PIPESTATUS is an array that contains the exit codes of each command in the preceding pipeline. In this case, PIPESTATUS[0] contains the exit code from make, and PIPESTATUS[1] contains the exit code from tee. Writing "$PIPESTATUS" (with no subscript) is a shorthand for ${PIPESTATUS[0]}, the exit code from make.

The "&&" is the boolean AND operator, which causes the command or pipeline that follows to be executed only if the preceding command or pipeline returned a "success" exit code (0). The exit code from a pipeline is normally the exit code from the last command in that pipeline.

So, let's look at that whole parenthesized subprocess. If the tee command fails (presumably because the specified file could not be written), then the "&&" operator prevents the "exit $PIPESTATUS" command from being executed, and the subprocess will exit with the exit code from the pipeline, i.e., that returned by tee. If the tee command succeeds, then the "exit $PIPESTATUS" will be executed, causing the subprocess to exit with whatever status was returned by make. The net result is that the subprocess will return a non-zero exit status if either the make or tee command fails.
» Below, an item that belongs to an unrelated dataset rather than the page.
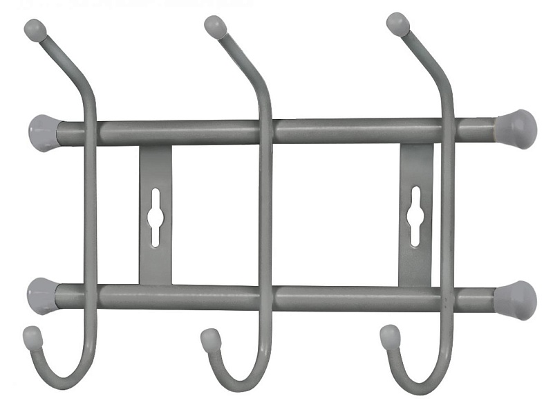 Настенная вешалка (3 крючка) для верхней одежды и головных уборов имеет габаритные размеры 285х180х67 мм. Каркас из стальной трубы с порошковым покрытием устойчив к механическим воздействиям. Наконечники изготовлены из пластмассы. Допустимая нагрузка на крючок не более 5 кг, а на само изделие не более 15 кг. Цвет — бежевый металлик.

Note that this fairly simple case is just doing what the shell's "pipefail" option would do (make a pipeline return a failure if any command in the pipeline fails), but is perhaps a bit more portable.

The final "&&" operator is not really part of this subprocess, but would prevent the next command in the script from executing if this subprocess returns a non-zero exit code.

Last edited by rknichols; 10-30-2012 at 09:18 PM.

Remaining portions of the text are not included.